=== Work required ===
Below are records with pictures. Reproduce exactly the lines from the line with "Farmers arrange flowers" to the line with "Solid collared long", inclusive, and leave each picture out.

=== Information given ===

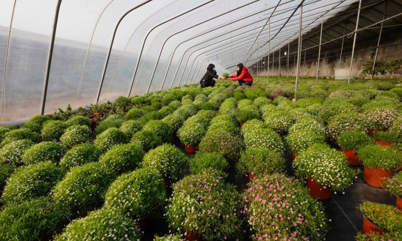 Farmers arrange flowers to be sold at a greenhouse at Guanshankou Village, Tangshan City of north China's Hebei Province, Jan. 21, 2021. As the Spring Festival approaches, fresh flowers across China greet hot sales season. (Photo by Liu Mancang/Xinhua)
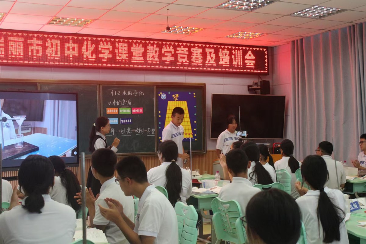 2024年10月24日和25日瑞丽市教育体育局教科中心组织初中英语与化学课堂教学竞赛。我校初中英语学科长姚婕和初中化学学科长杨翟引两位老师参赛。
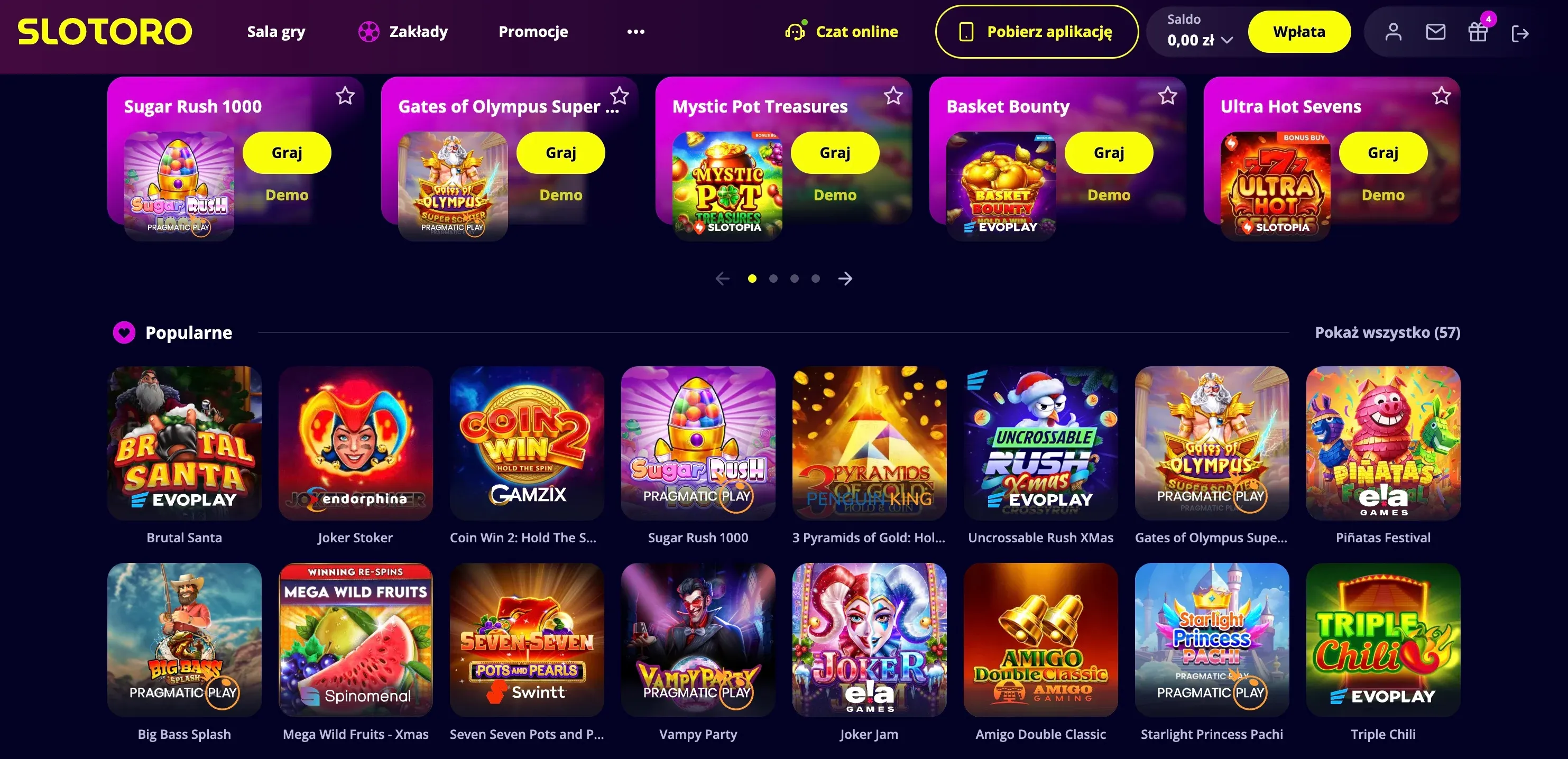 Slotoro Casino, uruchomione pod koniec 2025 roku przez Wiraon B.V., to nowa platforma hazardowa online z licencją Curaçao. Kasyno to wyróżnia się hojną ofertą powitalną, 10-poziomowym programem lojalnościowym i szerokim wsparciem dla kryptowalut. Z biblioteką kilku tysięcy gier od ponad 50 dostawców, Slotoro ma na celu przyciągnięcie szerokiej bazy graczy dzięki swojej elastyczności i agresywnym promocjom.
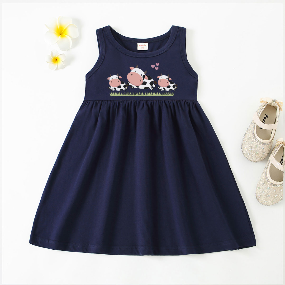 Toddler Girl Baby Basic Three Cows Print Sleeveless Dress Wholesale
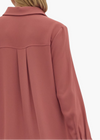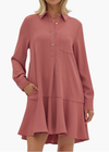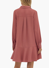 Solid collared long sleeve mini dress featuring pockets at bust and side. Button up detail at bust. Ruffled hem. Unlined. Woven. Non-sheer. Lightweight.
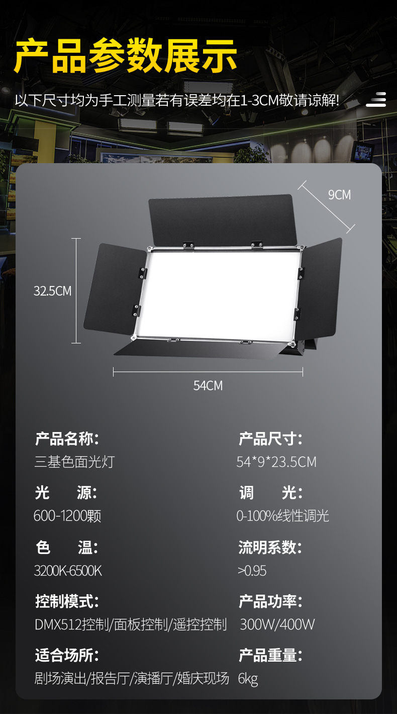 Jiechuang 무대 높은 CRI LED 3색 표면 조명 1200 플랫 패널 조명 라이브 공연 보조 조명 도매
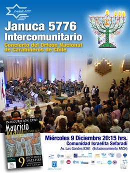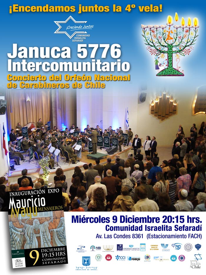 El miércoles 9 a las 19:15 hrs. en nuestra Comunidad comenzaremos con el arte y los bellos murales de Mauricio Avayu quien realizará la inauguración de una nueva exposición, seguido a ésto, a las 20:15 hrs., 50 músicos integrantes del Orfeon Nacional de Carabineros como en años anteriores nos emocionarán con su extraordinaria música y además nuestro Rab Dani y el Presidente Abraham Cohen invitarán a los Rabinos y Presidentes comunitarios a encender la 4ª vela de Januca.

--

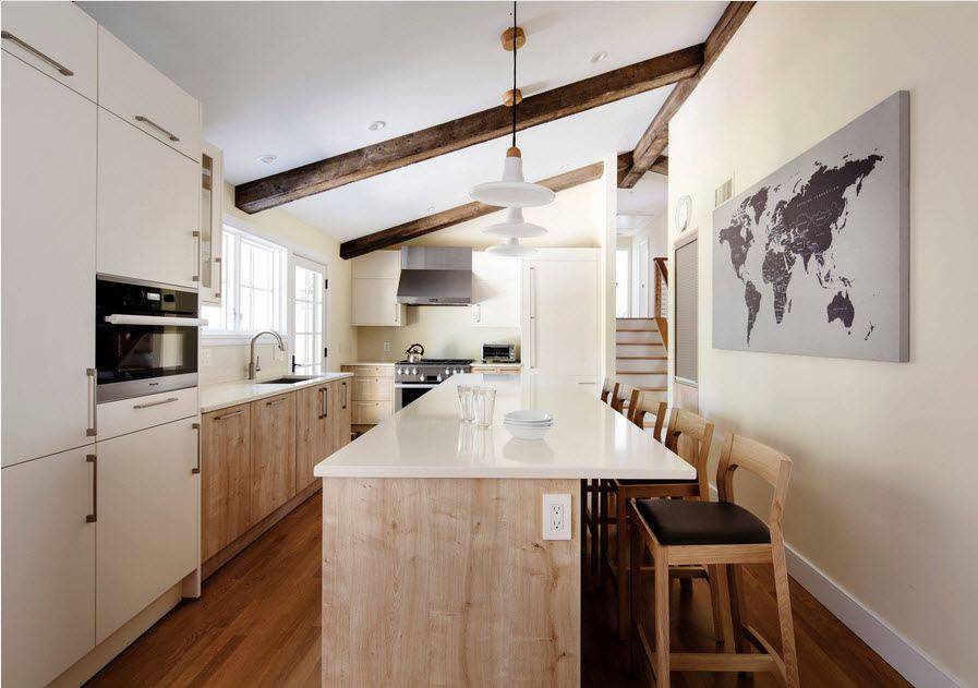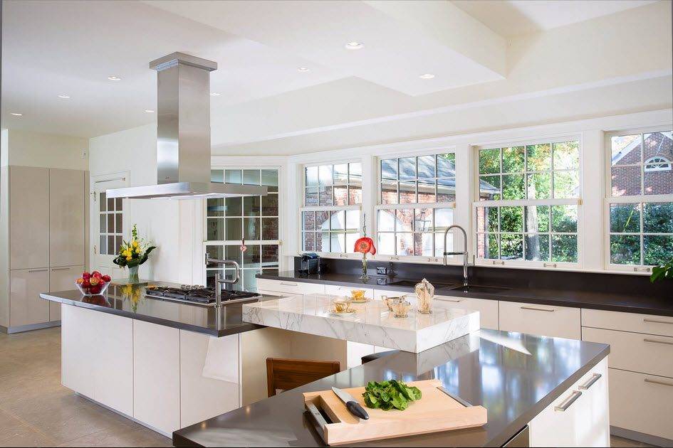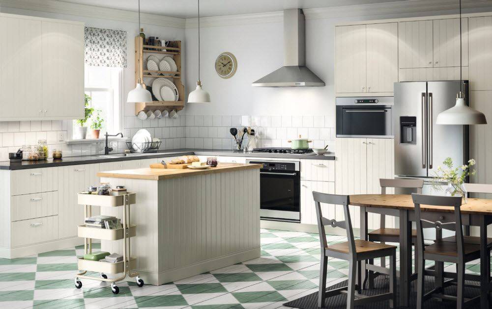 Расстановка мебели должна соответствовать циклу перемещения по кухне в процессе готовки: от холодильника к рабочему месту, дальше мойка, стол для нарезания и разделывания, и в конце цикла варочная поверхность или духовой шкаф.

=== Task response ===
 Farmers arrange flowers to be sold at a greenhouse at Guanshankou Village, Tangshan City of north China's Hebei Province, Jan. 21, 2021. As the Spring Festival approaches, fresh flowers across China greet hot sales season. (Photo by Liu Mancang/Xinhua)
 2024年10月24日和25日瑞丽市教育体育局教科中心组织初中英语与化学课堂教学竞赛。我校初中英语学科长姚婕和初中化学学科长杨翟引两位老师参赛。
 Slotoro Casino, uruchomione pod koniec 2025 roku przez Wiraon B.V., to nowa platforma hazardowa online z licencją Curaçao. Kasyno to wyróżnia się hojną ofertą powitalną, 10-poziomowym programem lojalnościowym i szerokim wsparciem dla kryptowalut. Z biblioteką kilku tysięcy gier od ponad 50 dostawców, Slotoro ma na celu przyciągnięcie szerokiej bazy graczy dzięki swojej elastyczności i agresywnym promocjom.
 Toddler Girl Baby Basic Three Cows Print Sleeveless Dress Wholesale
 Solid collared long sleeve mini dress featuring pockets at bust and side. Button up detail at bust. Ruffled hem. Unlined. Woven. Non-sheer. Lightweight.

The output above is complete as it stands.